#### TASK
Write the data out again exactly, with no pictures.

#### AVAILABLE DATA
- Opening Delimiter -

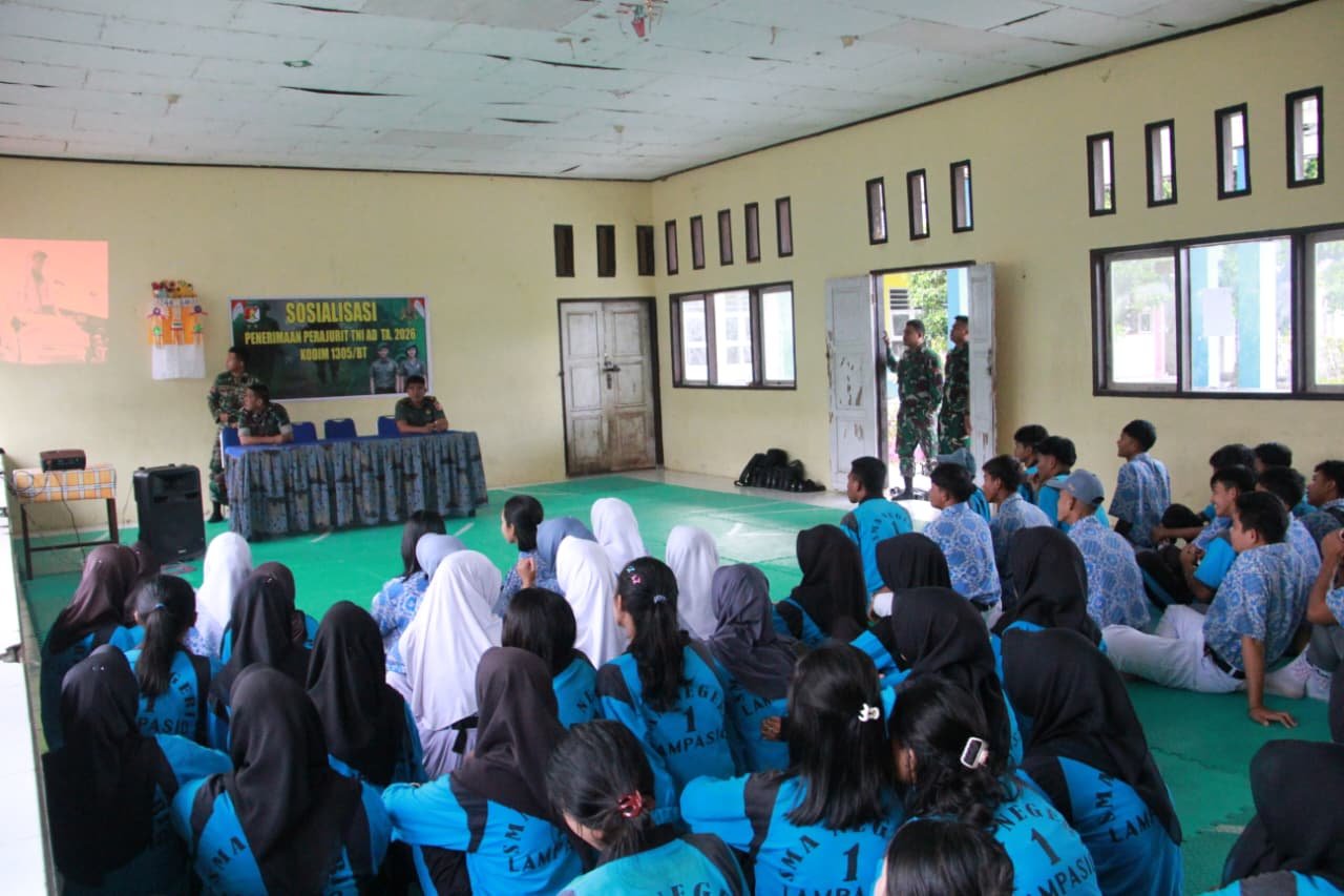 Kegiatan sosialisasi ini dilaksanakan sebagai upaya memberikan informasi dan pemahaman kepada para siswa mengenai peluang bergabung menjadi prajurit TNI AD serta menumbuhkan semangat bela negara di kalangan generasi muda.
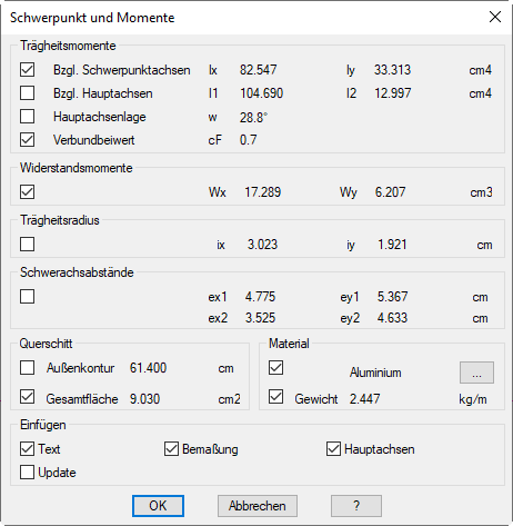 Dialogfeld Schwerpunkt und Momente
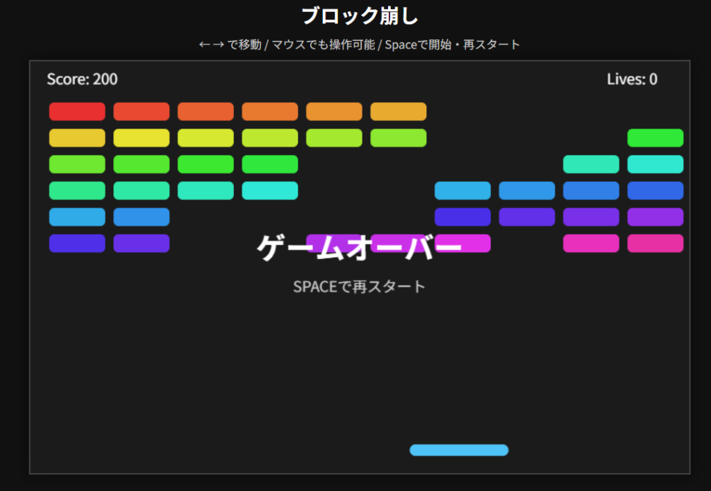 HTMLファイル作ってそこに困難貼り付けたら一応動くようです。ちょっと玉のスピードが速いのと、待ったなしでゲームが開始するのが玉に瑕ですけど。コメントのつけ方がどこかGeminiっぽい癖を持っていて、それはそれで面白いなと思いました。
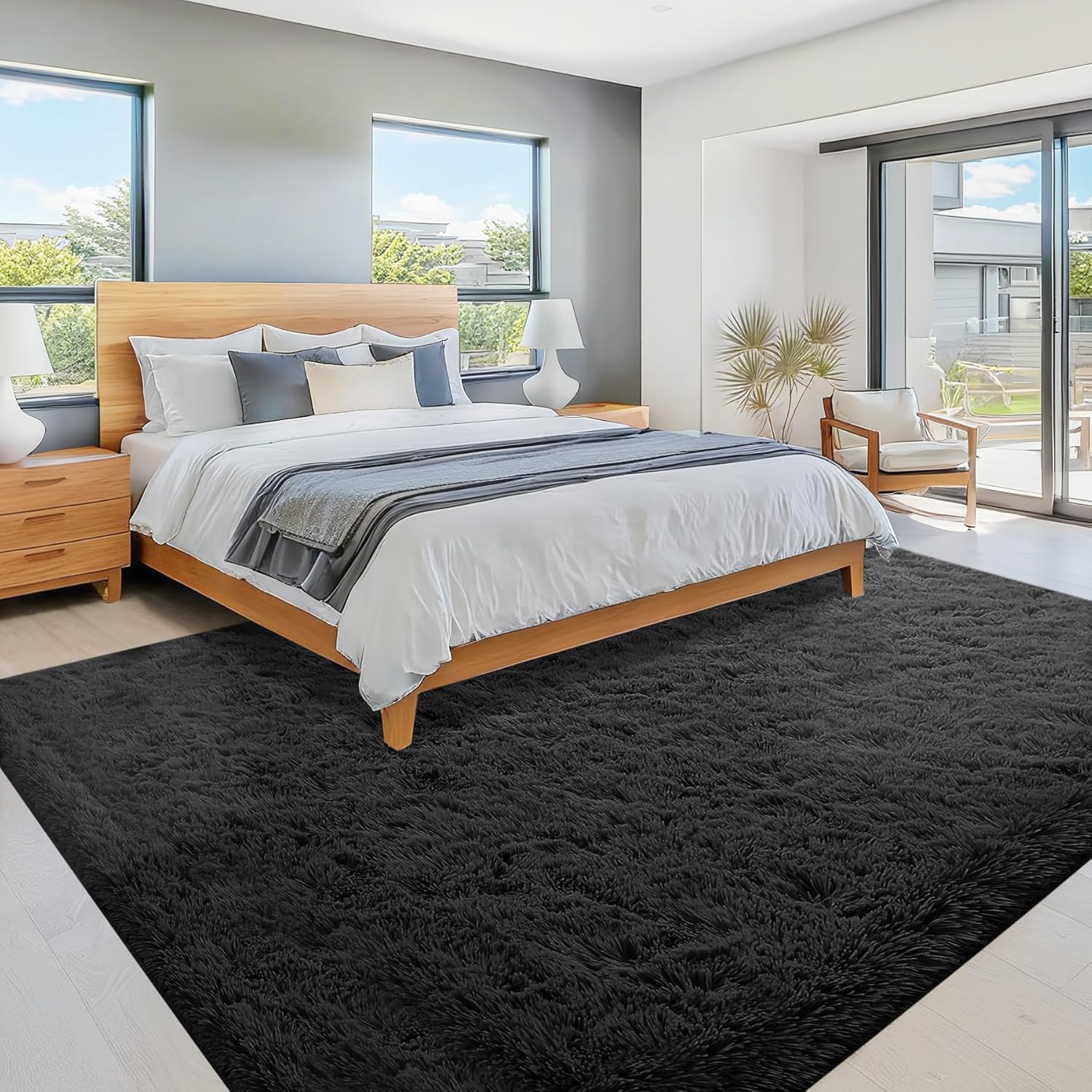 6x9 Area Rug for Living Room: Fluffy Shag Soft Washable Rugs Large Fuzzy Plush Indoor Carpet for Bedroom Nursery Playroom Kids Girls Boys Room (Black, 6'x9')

- Closing Delimiter -

#### FINAL ANSWER
 Kegiatan sosialisasi ini dilaksanakan sebagai upaya memberikan informasi dan pemahaman kepada para siswa mengenai peluang bergabung menjadi prajurit TNI AD serta menumbuhkan semangat bela negara di kalangan generasi muda.
 Dialogfeld Schwerpunkt und Momente
 HTMLファイル作ってそこに困難貼り付けたら一応動くようです。ちょっと玉のスピードが速いのと、待ったなしでゲームが開始するのが玉に瑕ですけど。コメントのつけ方がどこかGeminiっぽい癖を持っていて、それはそれで面白いなと思いました。
 6x9 Area Rug for Living Room: Fluffy Shag Soft Washable Rugs Large Fuzzy Plush Indoor Carpet for Bedroom Nursery Playroom Kids Girls Boys Room (Black, 6'x9')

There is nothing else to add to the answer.